Thursday, March 21, 2019

Tournament Thoughts

TigerBlog says this every year, so why should this year be any different.

The NCAA men's basketball tournament is a unique event in that it starts out great and then gets less and less interesting with each passing round. There are few days in the sports calendar like what will happen Thursday and Friday, with 32 games each day and, presumably, some major upsets here and there.

By the weekend, there'll be 16 left. The excitement for next weekend won't be as great. The Final Four is all hype and yeah, it's okay to watch, but it's much more fun to see which teams and which players that nobody has ever heard of will make their history, the kind that has made its way into the highest levels of Princeton athletic lore.

There was the day in Providence 30 years ago this past Sunday, when Princeton lost to Georgetown 50-49 in the opening round. The Tigers were seemingly a hopelessly overmatched No. 16 seed against a mighty No. 1, and they were representing a league that had lost its last three NCAA games by an average of 40 points. Not a total. An average.

What happened at the end is familiar to all Princeton fans. The Tigers had two shots in the last six seconds, by Bob Scrabis and Kit Mueller, with a chance to win it, and Alonzo Mourning blocked both. Or were they fouls?

"I'll take that up with God when I get there," Pete Carril said famously after the game.

Then there was 1996, five days after Carril announced his retirement after 29 seasons following Princeton's overtime win over Penn in the Ivy League playoff game. This time, in Indianapolis, Princeton did win the game, defeating defending NCAA champion UCLA 43-41 in the opening round for Carril's 514th and final win at Princeton.

At one point during that game, Princeton trailed 41-34 before scoring the final nine of the game. Also at one point of the women's basketball team's Ivy League tournament final against Penn Sunday afternoon, Princeton trailed 41-34.

TigerBlog took that as a good sign.

Princeton, of course, came back to win it, turning that 41-34 deficit into a 65-54 win. If you don't want to do the math, that meant Princeton outscored Penn 31-13 (and it took TB a long time to do that because for some reason it seemed really confusing).
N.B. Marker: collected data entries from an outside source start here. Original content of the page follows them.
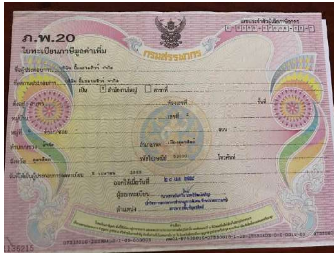
รูปที่ 3.4 ใบทะเบียนภาษี บริษัท ยี่มะละไมทัวร์ จำกัด
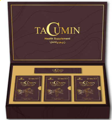
Hộp quà Tacumin 15g x 30 gói
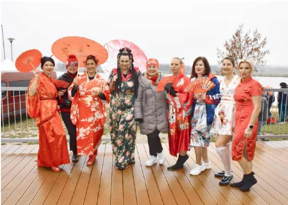
Impreza odbyła się pod hasłem „Azjatyckie party”.

Do Siedlec zjechali miłośnicy zimnych kąpielei m.in. z Łukowa, Węgrowa, Janowa Podlaskiego, Mińska Mazowieckiego, Ostrołki, Zambrowa, a nawet Suwałk. Zanim weszli do lodo-
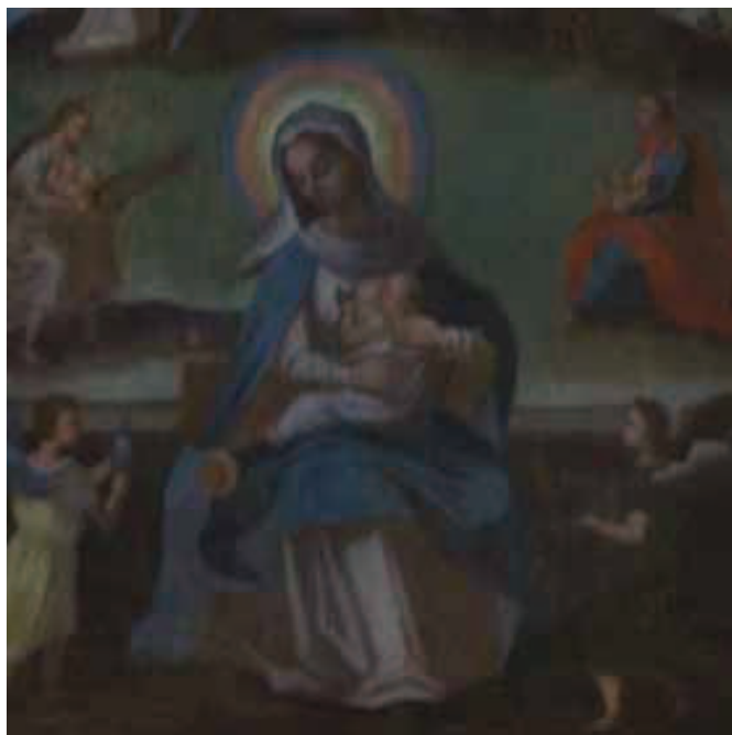
Ilustracja 5. Matka Boska Karmiąca – Kalwaria Zebrzydowska
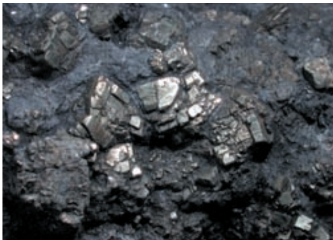
Skupki kristalov pirita: 30 x 25 mm. Najdba in zbirka Jožeta Bediča, Gornjesavski muzej Jesenice.

dolžini 800 m, vendar v presledkih. Najdaljši odsek je med 315 in 933 m, ki ga sestavljajo rdeči glinavci, laporovci, rdeči oolitni apnenci in rumenkast dolomit, vmes sadra v lečah in polah. Odsek srednjetrojstanskih plasti je dolg le 60 m, v zgornjetrojstanskih pa ponovno od 2.851 m prek državne meje na avstrijsko stran. Dolomit prehaja v črn karnijski laporovec.
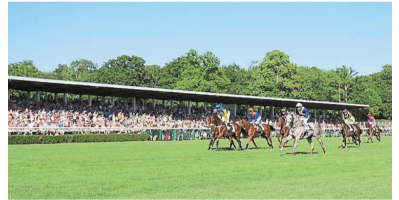
Huit courses sont au programme demain à l'Isle-Briand.

Le prochain rendez-vous de la Société des courses du Lion-d'Angers a lieu demain dès 11 heures. Huit courses sont au programme : six épreuves de plat et deux de saut d'obstacles dont le Prix du Piano de la Juiverie, steeple-chase cross-country sur 4 500 mètres pour chevaux de 5 ans et plus.
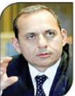
مشام عكاشة نيجة الإغلاق وتوقف النشاط ما أدى إلى تفاقم الأوضاع الصحية لشوهميا.

مشام عكاشة: تأثيرات كورونا الصعبة مستمرة وفى زيادة وتشكل أكبر التحديات كتب - عمرو بكر قال مشام عكاشة رئيس مجلس إدارة البنك الأهلي المصري إن تأثيرات كورونا الصعبة لا تزال مستمرة بل وتزداد وتضاعف ولا أحد يعلم متى يمكن أن تنتهى. وأشار عكاشة فى كلمته خلال مؤتمر البنك أن لوائح جائحة كورونا على الاقتصادات حول العالم، من أكبر التحديات التى تواجه الاقتصاد المصرى والقطاع المصرفى. وأكد عكاشة أن الوضع فى مصر يختلف عن بقى الدول فى ظل الحفاظ على حالة النشاط الاقتصادى وعدم العودة إلى الإغلاق والعمل على تحسين النشاط عبر حزمة مالية ضخمة، لافتا إلى أن عددا كبيرا من الدول واجهت ظروف اقتصادية صعبة
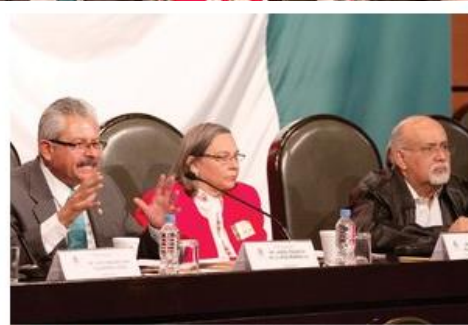
ENCUENTRO. Diputados de siete bancadas se reunieron con representantes del INEE.

Ayer, por separado, las dos mesas de redacción de las leyes secundarias en materia educativa sesionaron en el Senado y en la Cámara de Diputados, donde recibieron la retroalimentación de los integrantes del INEE, instancia que evaluará el sistema educativo del país, especialmente la preparación profesional de los docentes.
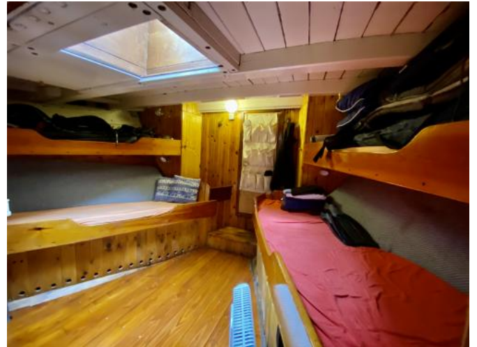
Kabine Ansicht 2
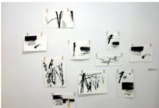
Andrész Anett, Vázlatok, 2014.
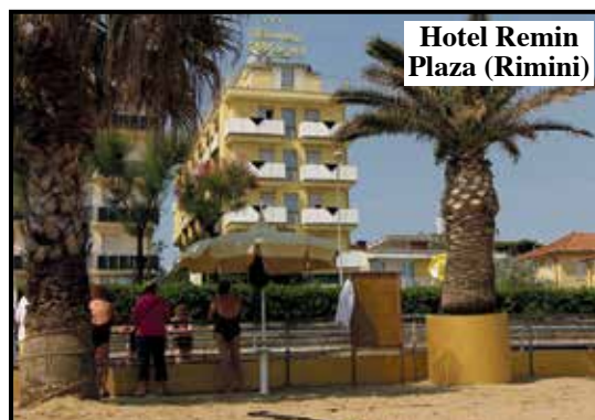
Hotel Remin Plaza (Rimini)
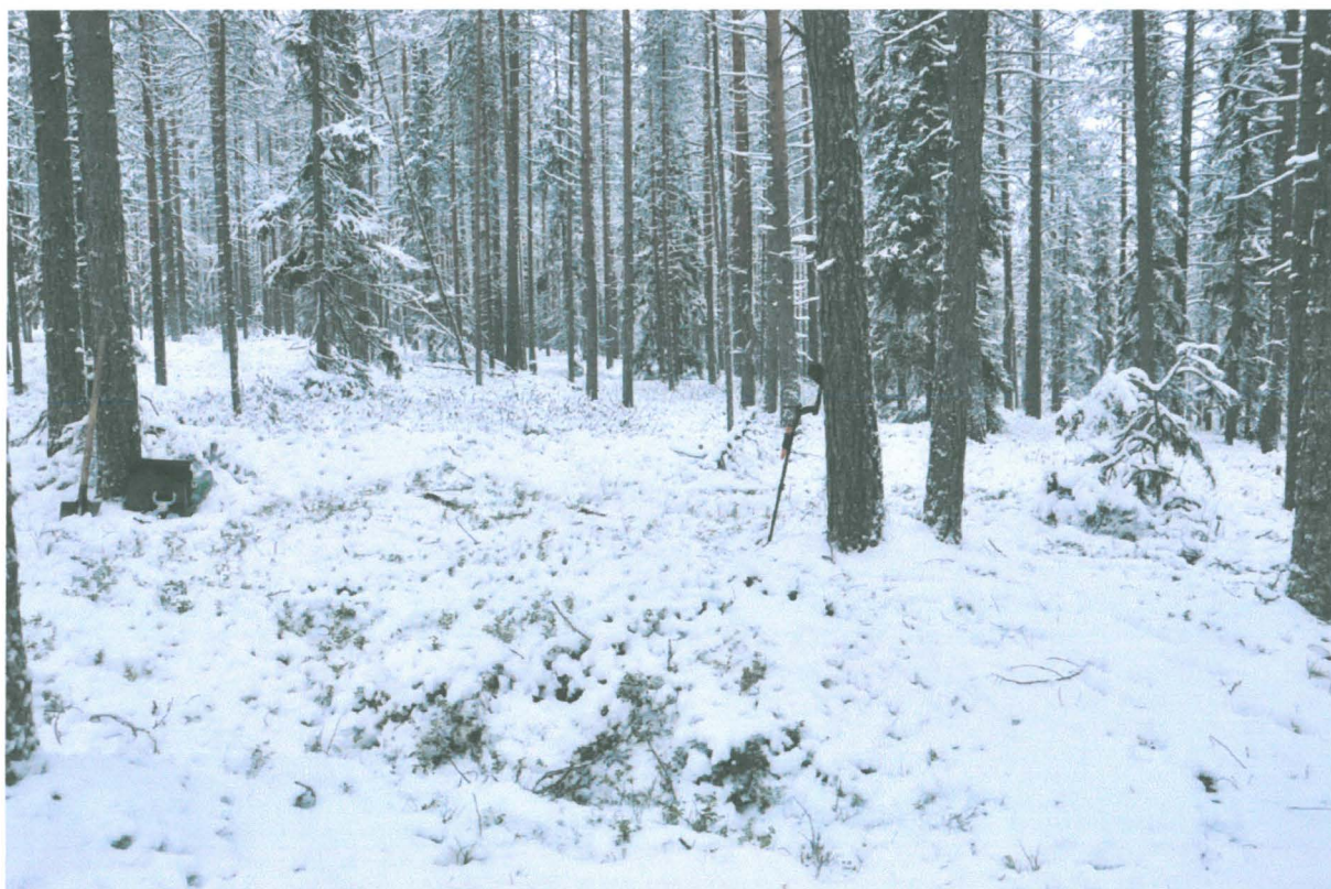
Kuva 4. Solkien löytökohdan länsipuolella oleva kumpare. Kuvattu lännestä. KaiM 8087:5.

Princeton plays in the NCAA tournament Saturday at 11 am, in Raleigh, the same site as last year. This time it's a different opponent, as the 11th-seeded Tigers take on No. 6 Kentucky.

Here are some Princeton women's basketball facts heading into the tournament that you would have heard if you listened to the weekly "Court Report" podcast:

* Princeton is in the NCAA tournament for the eighth time in 10 years, something that's never happened in Ivy women's basketball before. In men's basketball, only Penn has done it, going nine times in the 11 years between 1970 and 1980.

* This is the 27th NCAA tournament appearance for an Ivy League women's basketball team, and Courtney Banghart has been part of 12 of those. That's extraordinary. This is Courtney's eighth trip as the head coach at Princeton, and she also went twice as an assistant coach at Dartmouth and a player at Dartmouth.

* Courtney is the only person ever to go to the NCAA tournament as both a player and head coach in the Ivy League (Princeton men's head coach Mitch Henderson is among a small group who has done so on the men's side). She's also, TB is pretty sure, the only one to do so on either side as a player, assistant coach and head coach.

* Bella Alarie has scored 505 points this season, which leaves her 27 points away from tying Meg Cowher's single-season program record for points - despite missing nine games. If Alarie had played those nine games and scored even half her 23.0 average for the 22 games she did play, she'd have 608 points - and that's just averaging half as many.

If you want, you can listen to the entire podcast HERE.

So that's Princeton-Kentucky Saturday at 11, on ESPN2 (depending where you live).

And enjoy the men's games today and tomorrow, since those are by far the two best days of the tournament. After that, it'll progressively less exciting, all the way to when Duke wins it all.